PROBLEM REQUIREMENTS:
A faithful copy is needed of the lines below from the one with "筆者は、汗で汚れた靴下を入れ" up to and including the one with "To submit a"; set it down with no pictures and no other lines.

SUPPLIED ENTRIES:
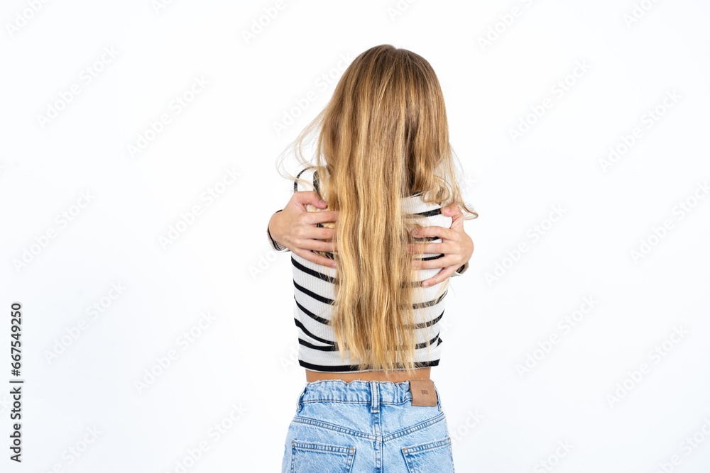 Valokuva Beautiful caucasian teen girl wearing striped T-shirt hugging herself happy and positive from backwards
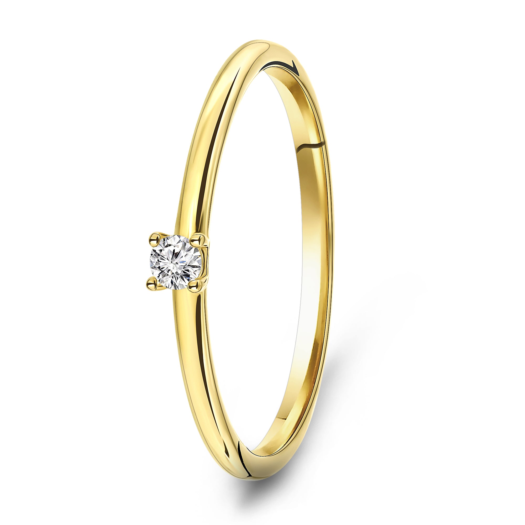 Inel din aur galben de 14 karate din colectia Valentina. Inelul are un model neted si este decorat cu o piatra de zirconiu. Asorteaza-l cu un alt inel delicat pentru un aspect elegant.
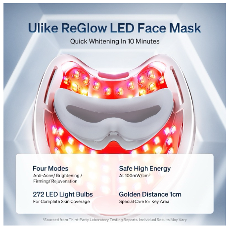 Ulike ReGlow LED Face Mask Quick Brightening In 10 Minutes -Four modes:Anti-Acne/ Brightening / Firming/ Rejuvenation -Safe Energy up to 100 mW/cm? -272 top-class professional LED light bulbs -Golden Distance 1cm Industry-leading LED Face Mask With Exclusive Mirror Enhanced Light Intensification Technology™️ Glowing Results in 14 days Skin radiance increased by 12.9% 39.44% reduction in the number of under-eye wrinkles 7.89% reduction in redness across the face Reduction of acne by 17.58% 10 min hands-free treatment targets 4 needs Solving the Deep Skin Problems 415nm Blue light targets oil production and acne 590nm Yellow light soothes and brightens the skin 630nm Red light stimulates collagen production 830nm Near-infrared light accelerates skin metabolism Combination Works Better Than Solo Ulike ReGlow features 4 skincare modes, each mode features 2 or 3 clinical wavelengths to achieve better results: 01/ Anti-Acne Light--415nm blue light +630nm red light Targeted problems: Skin water and oil imbalance and acne 02 /Brightening Light: 630nm red light +830nm infrared light +590nm yellow light Targeted problems: Dark yellow and dull skin, uneven skin tone, and rough skin 03 /Firming Light: 630nm red light +830nm infrared light Targeted problems: Skin laxity, fine lines, and other skin problems caused by aging 04/ Rejuvenation: Light:590nm yellow light +830nm infrared light Targeted problems: Damaged skin barrier, redness of sensitive skin, and seasonal skin sensitivity
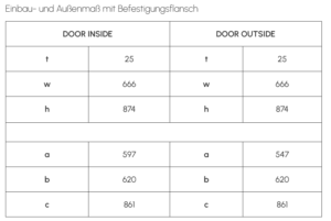 | Einbaurahmen: | serienmäßig, für Einbau in Position DOOR INSIDE oder DOOR OUTSIDE |
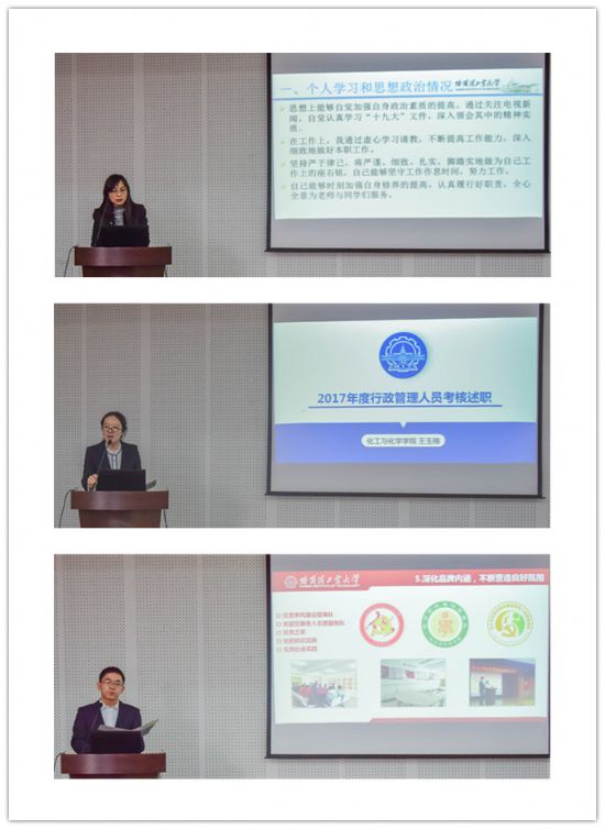 岳会敏在讲话中指出,学院对机关行政管理人员进行述职考核,是为了在“双一流”建设中加强管理队伍的建设,进一步增强机关人员的服务意识,进一步提高管理服务能力和水平。机关管理人员通过述职,能够对照其他同事的工作在自己身上找差距,促进相互学习交流、取长补短。各单位教职工和学生代表作为服务对象为管理人员考核打分,能够进一步增强对学院整体管理工作的了解,加强对学院机关工作的监督。他希望大家本着客观、公正、负责的态度,对自己熟悉了解的管理人员进行测评打分。
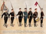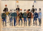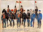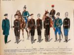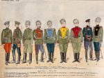 Малотиражное издание русского военного историка из Франции Владимира Владимировича Звегинцова (1914-1996). В издании описаны и изображены парадная и полевая форма гвардии, армейской кавалерии, конной артиллерии, стрелковых войск, казаков и др. Кроме мундиров, головных уборов, погон, описаны жетоны, нагрудные знаки, знамена, вензеля членов императорской фамилии и др.
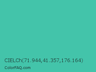 CIELCh 71.944,41.357,176.164 Color is a normal cyan color and the nearest color is Puerto Rico #3fc1aa. Hex code #43c4aa and RGB value is rgb(67,196,170). In RGB color space, this color is composed of 26% red, 77% green, 67% blue, In CMYK color space, this color is composed of 66% cyan, 0% magenta, 13% yellow , 23% black , In HSL color space, this color has a hue angle of 168° , 52% saturation and 52% lightness.
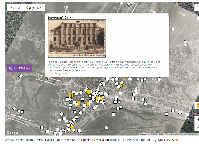 Другий складник – це аерофотознімок Луцька часів Другої світової війни, який накладено на карту Google Map. Завдяки легкому переходу між ними можна дізнатися наскільки змінилося місто за понад 70 років, побачити історичні забудову, парки та дороги, що було на місці популярних нині міських локацій: біля пам’ятників Лесі Українки на Театральному майдані, Т. Шевченку чи монумента М. Грушевському».
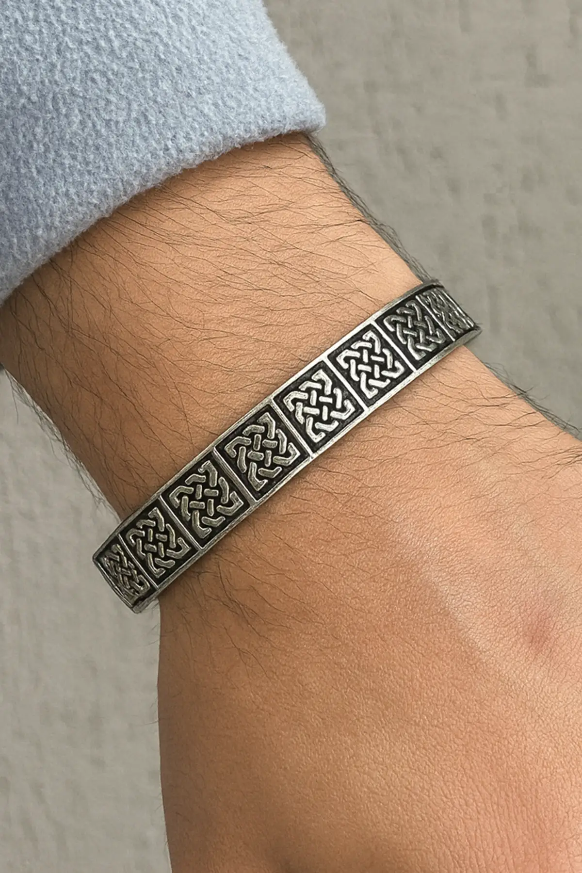 Gümüş Renk Düğüm Figürlü Kelepçe Bileklik
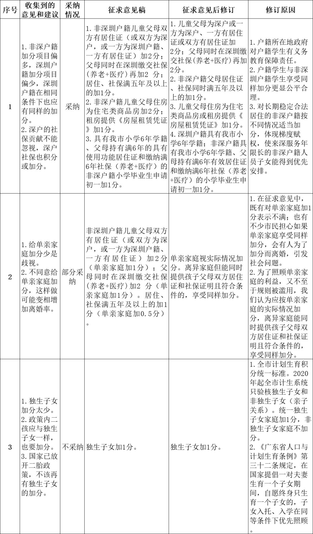 據(jù)了解,1月13日-24日,《羅湖區(qū)義務(wù)教育學(xué)位申請(qǐng)分類和積分辦法(征求意見稿)》在“羅湖政府在線”和“羅湖教育應(yīng)用網(wǎng)”公開征求公眾意見期間,共計(jì)收集市民意見和建議共205條。其中郵件106封,信函2件,電話97個(gè)。經(jīng)過(guò)梳理,區(qū)教育局將比較具有普遍性、代表性的意見和建議進(jìn)行了研究分析,對(duì)合理化意見和建議予以采納。
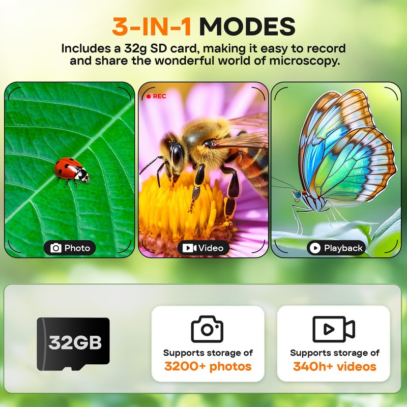 • 【3-in-1 Kids Microscope,Comes with 32g SD card】 This microscope for kids is fully functional and easy to use, with a detailed instruction manual to help you quickly master the usage. This kids portable microscope combines the functions of photo, video and playback, perfect for little explorers. Comes with a 32g SD card to allow your kids to store their explorations, approximately 3200 photos and 340 hours of video. Observation with 5 color filters will have a different experience.
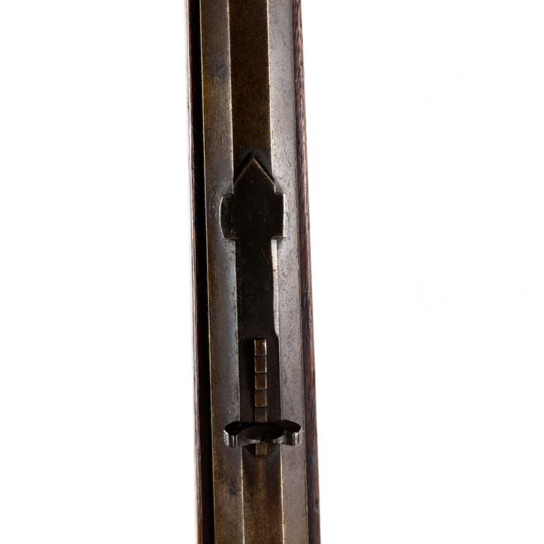 “1882” Winchester 1873 3rd Model 38cal 24″ Octagon barrel Rifle in very good condition in a beautiful patina finish. The action is incredibly smooth and seems fully functional and the bore has rifling and some oxidation. Front sight blade is missing. MFG 1882 C&R Eligible S/N:95434A
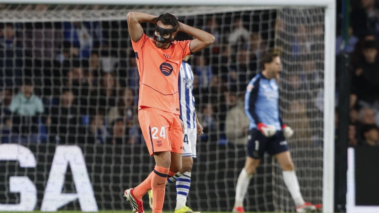 SAN SEBASTIÁN, 18/01/2026.- El jugador del Barcelona Eric García, durante el partido de LaLiga EA Sports que Real Sociedad y FC Barcelona disputan este domingo en el estadio de Anoeta, en San Sebastián. EFE/ Juan Herrero
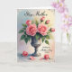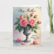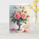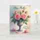 Designed with a romantic still-life feel, the card centers on a bouquet of blush pink roses nestled in a classic fluted urn shaded in muted silver. Some blooms are tight buds while others open wide with many soft petals, and the mix creates a tender, just-picked look ❤️. Deep green leaves with lightly jagged edges weave between the flowers, like they’re leaning in close to keep each other company. The background fades gently from pale sky blue to creamy ivory and warm pink, giving the scene a calm, early-morning glow. Decorative curled flourishes sit in the corners, framing the arrangement with an antique touch. Near the bottom, a short message appears in flowing lettering, set in a soft gray tone that doesn’t overpower the flowers 🌼. At the base of the urn, one full pink rose rests on the surface with a few loose petals scattered nearby.
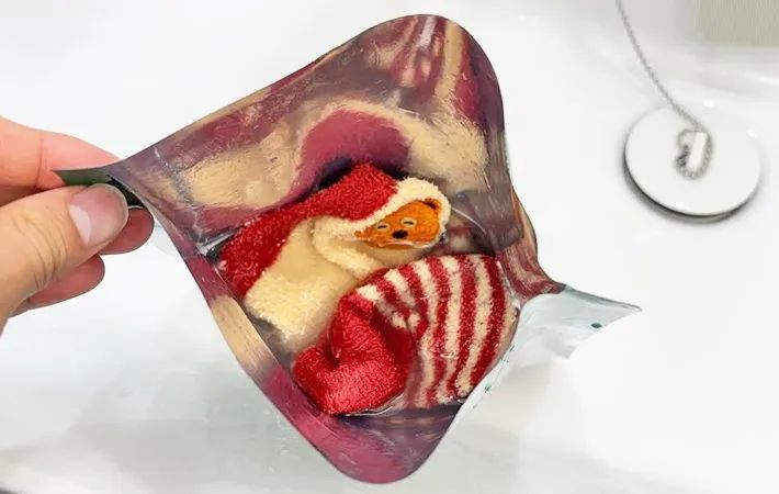筆者は、汗で汚れた靴下を入れてみました。袋の中で軽く揉み洗いをしてから、そのまましばらく置いておきます。
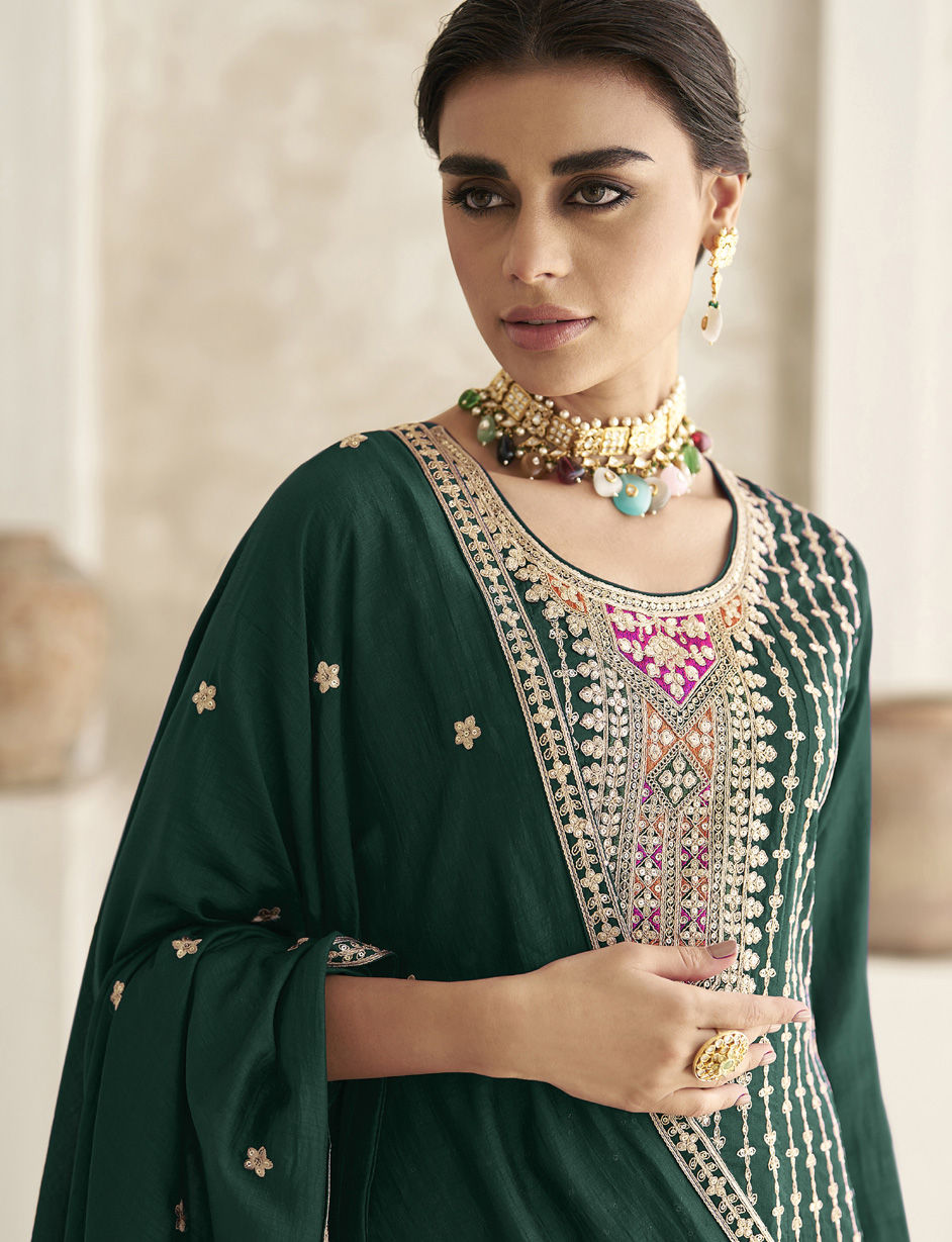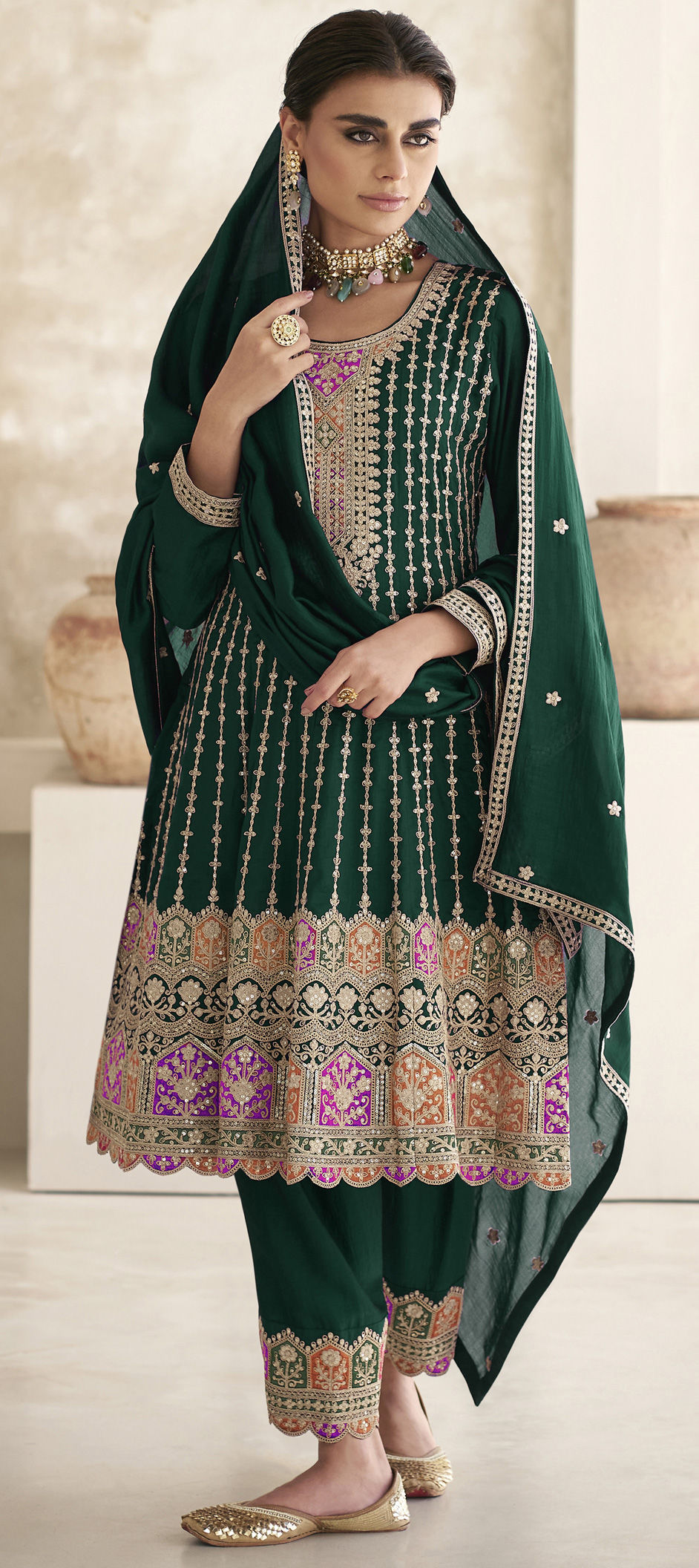 Green color Salwar Kameez in Silk fabric with Embroidered, Sequence, Thread, Zari work
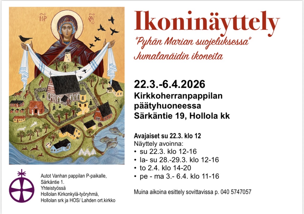 Hollolan kirkonkylässä on parhaillaan esillä ikoninäyttely Pyhän Marian suojeluksessa, joka esittelee seurakuntamme Lahden ikonipiiriläisten töitä. Esillä on yhteensä 47 Jumalansynnyttäjän ikonia.
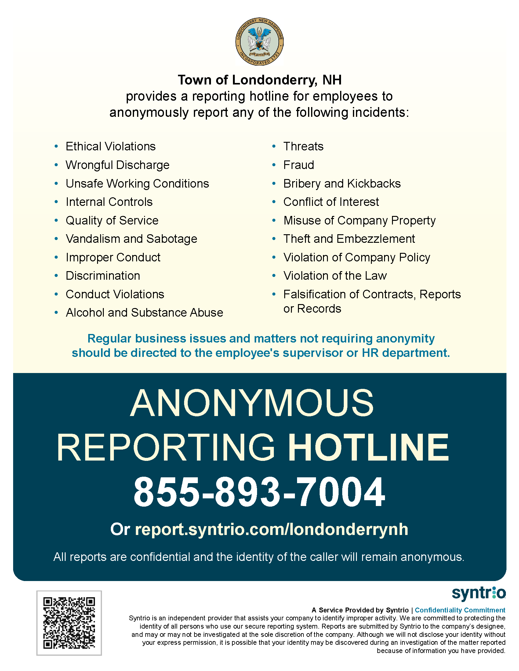 To submit a complaint, please use our Anonymous Complaint Form hosted by Syntrio Lighthouse Services or call 855-893-7004. You may choose to remain anonymous or to have your contact information included. The Town will act on anonymous complaints according to its Anonymous Hotline Policy; however, we may be limited in our ability to investigate those concerns depending upon the information provided.
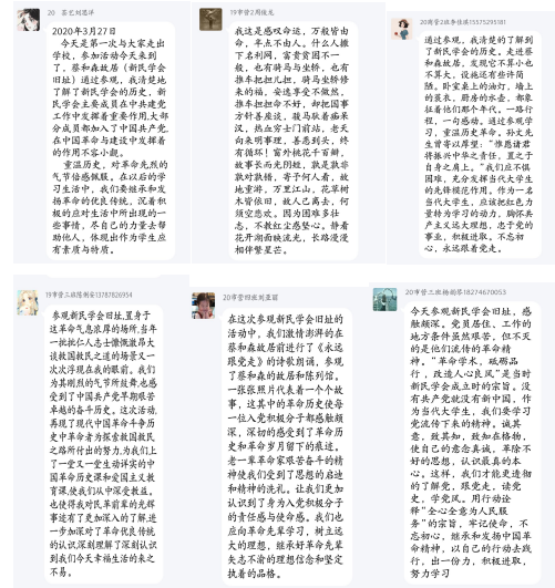 接下来,每个参加活动的入党积极分子在活动群内发表观后心得。其中,20级市场营销3班何宇轩写道:在看了这些前辈们的伟大事迹后,我忽然想起了最近“新疆棉事件”。此事一爆发,部分国人打砸抢有关商场、店铺、殴打店铺内销售员。可当我们再回头看看这些前辈们,他们不抢、不闹,他们将笔作为武器,将理想化作旗帜,为解放中国受苦的百姓们,他们的爱国是出于理想信念,而不是暴力与恐怖。”
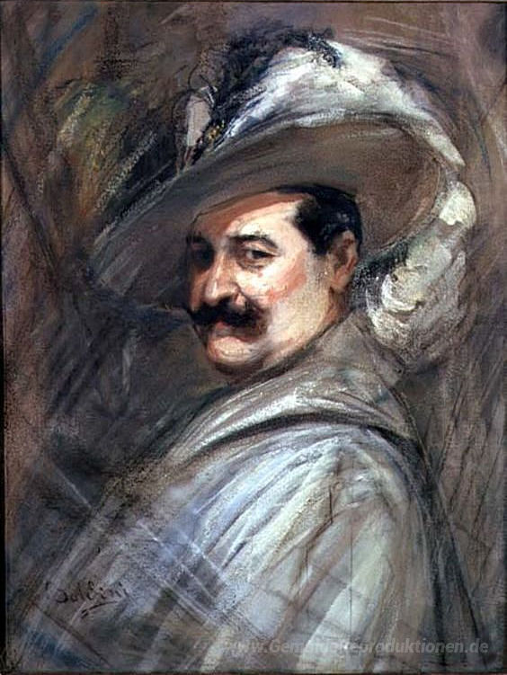 Wir bieten Ihnen eine handgefertigte Reproduktion auf Leinwand des berühmten Kunstwerks 'Costantino in der Rolle Ernani' von Giovanni Boldini, aus dem Reproduktionsmuseum.
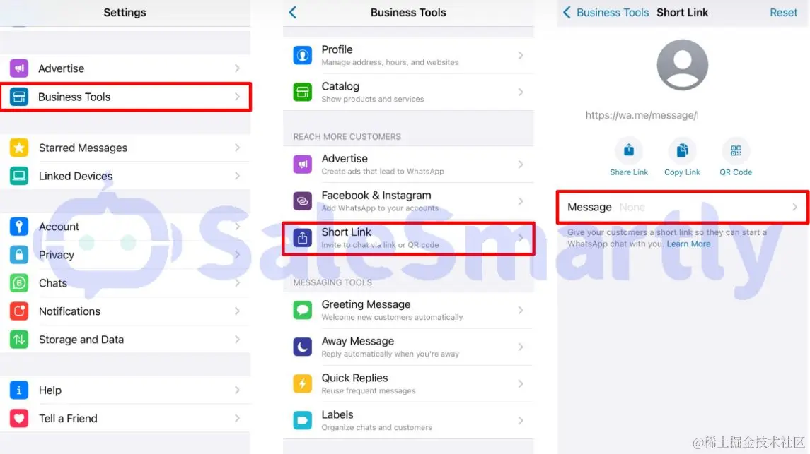 步骤如下:在【Business Tools】中找到【Short Link】,注意这个功能仅能用于WhatsApp Business账号。

TASK ANSWER:
筆者は、汗で汚れた靴下を入れてみました。袋の中で軽く揉み洗いをしてから、そのまましばらく置いておきます。
 Green color Salwar Kameez in Silk fabric with Embroidered, Sequence, Thread, Zari work
 Hollolan kirkonkylässä on parhaillaan esillä ikoninäyttely Pyhän Marian suojeluksessa, joka esittelee seurakuntamme Lahden ikonipiiriläisten töitä. Esillä on yhteensä 47 Jumalansynnyttäjän ikonia.
 To submit a complaint, please use our Anonymous Complaint Form hosted by Syntrio Lighthouse Services or call 855-893-7004. You may choose to remain anonymous or to have your contact information included. The Town will act on anonymous complaints according to its Anonymous Hotline Policy; however, we may be limited in our ability to investigate those concerns depending upon the information provided.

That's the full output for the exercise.